The cyclical nature of time. The meaninglessness of humans’ daily existence. The inability to clearly recall one’s past.
These are just of few of the themes expressed in Samuel Beckett’s “Waiting for Godot”… maybe.
The play, performed by Rowan’s Lab Theatre this past weekend, is infamous for its ambiguous meaning and nontraditional structure, which helped initiate the Theatre of the Absurd.
Directed by Rowan senior Courtney Bundens, the production remained faithful to Beckett’s original work, while still allowing for the creative team’s own interpretation of the open-ended story.
The cast consisted of John Hager as Vladimir, Sam Tracton as Estragon, Matthew Zupancic as Pozzo and Kate Wilburn as Lucky/Boy.
The Lab Theatre, housed in Bunce’s basement, provided an intimate setting for the small-scale play, which consists of four actors and five characters. This space allowed for the physicality of the performers to be put on full display.

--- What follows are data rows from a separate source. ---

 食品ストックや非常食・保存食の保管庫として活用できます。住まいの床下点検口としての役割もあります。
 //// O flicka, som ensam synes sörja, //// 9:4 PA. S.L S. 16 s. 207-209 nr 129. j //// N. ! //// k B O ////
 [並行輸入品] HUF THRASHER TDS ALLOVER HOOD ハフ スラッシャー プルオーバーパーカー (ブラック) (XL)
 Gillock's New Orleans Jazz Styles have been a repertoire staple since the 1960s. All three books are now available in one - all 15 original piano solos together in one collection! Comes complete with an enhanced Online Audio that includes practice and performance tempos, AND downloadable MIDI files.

These physical aspects of the performances ranged from Wilburn’s backward leg extension to a humorous scene involving Tracton and Hager passing hats back and forth and using them as interactive props in an absurd choreographed routine.
While the performers precisely executed physical comedy, the major focus of the play was their intricate dialogue. It was in the many conversations between characters that the audience learned of the titular Godot, the never-seen persona that Tracton’s Estragon and Hager’s Vladimir perpetually wait for. The two actors did an excellent job portraying the anticipation felt by their characters, a feeling that also seeped into the audience as they watched the pair deliver philosophical dialogue in the context of a near impenetrable plot.

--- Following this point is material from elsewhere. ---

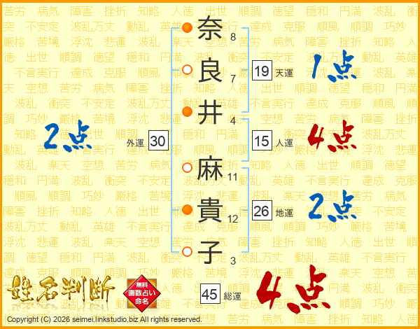 奈(8画)良(7画)井(4画) 麻(11画)貴(12画)子(3画)

Zupancic’s performance as Pozzo was a major highlight of the show. His intimidating height and frame lent well to the booming and dominant character he portrayed.

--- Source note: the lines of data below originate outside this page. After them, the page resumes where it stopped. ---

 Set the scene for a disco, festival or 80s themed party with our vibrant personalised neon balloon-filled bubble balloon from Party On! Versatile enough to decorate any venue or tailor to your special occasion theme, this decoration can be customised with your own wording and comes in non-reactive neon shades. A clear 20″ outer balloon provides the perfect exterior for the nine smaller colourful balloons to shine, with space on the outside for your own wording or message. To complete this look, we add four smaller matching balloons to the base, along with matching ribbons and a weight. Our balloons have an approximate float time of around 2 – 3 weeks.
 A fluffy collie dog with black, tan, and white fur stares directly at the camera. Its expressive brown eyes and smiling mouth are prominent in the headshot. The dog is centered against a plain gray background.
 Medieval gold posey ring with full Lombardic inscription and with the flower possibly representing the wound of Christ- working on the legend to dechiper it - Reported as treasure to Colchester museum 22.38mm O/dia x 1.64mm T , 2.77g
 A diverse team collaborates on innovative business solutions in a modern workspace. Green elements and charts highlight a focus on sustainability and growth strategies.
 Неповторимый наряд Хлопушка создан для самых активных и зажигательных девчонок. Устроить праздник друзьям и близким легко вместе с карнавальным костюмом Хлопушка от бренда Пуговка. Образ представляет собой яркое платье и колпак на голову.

However, Zupancic also conveyed the vulnerability of the character, alternating between abrasive banter with Vladimir and Estragon and rare moments of tenderness for his slave, Lucky, who he walked on a leash. The second act of the play saw Pozzo and Lucky stricken blind, with the former dependent on the leash and his slave to lead him around. Again, Zupacnic expertly balanced the dominant exterior of his character with an inner insecurity, shown powerfully through his blindness and newfound dependence on his slave.
A pair of great performances came from Wilburn, who played both Lucky and the Boy. As Lucky, Wilburn embodied a demure and submissive character. Lucky, a slave to Pozzo, was walked around on a leash and forced to carry his bags and stool. In this role, Wilburn had only one set of lines, a rambling yet complex monologue that exemplified the innate instability and potential depth of thought of her otherwise mute character. Aside from these lines, Wilburn relied on the nuances of body language for a powerful performance. For most of her stage time, Wilburn stared at the ground in wait of orders from Pozzo. Although usually in the background, Wilburn remained a magnetic presence with her subtle portrayal of a hurt soul full of emotions waiting to pour forth.
In any fictional narrative that relies heavily on absurdity, it can prove difficult to avoid over-the-top antics or a lack of emotion and meaning. However, the actors and actress in this production lent believability to this absurd universe with their deft balancing of physical comedy and the intensely delivered philosophical ruminations innate in Beckett’s work.
The set design, lighting and sound also helped greatly to create an immersive theater-going experience. The minimal set featured a raised platform with a single tree in the center. A soft light highlighted the warm tones of the characters’ clothing, mostly grays and browns, while another purple light emanated from underneath the stage. This secondary light gave the setting an otherworldly quality. Additionally, a softly blowing wind sound was played continuously, making the setting feel like an open, desolate wasteland.
Samuel Beckett’s “Waiting for Godot” is an absurdist, existential masterpiece. Amidst this ambiguity, Bundens and her crew were able to provide their own impressive interpretation of the classic play, resulting in a moving and chilling production replete with memorable performances.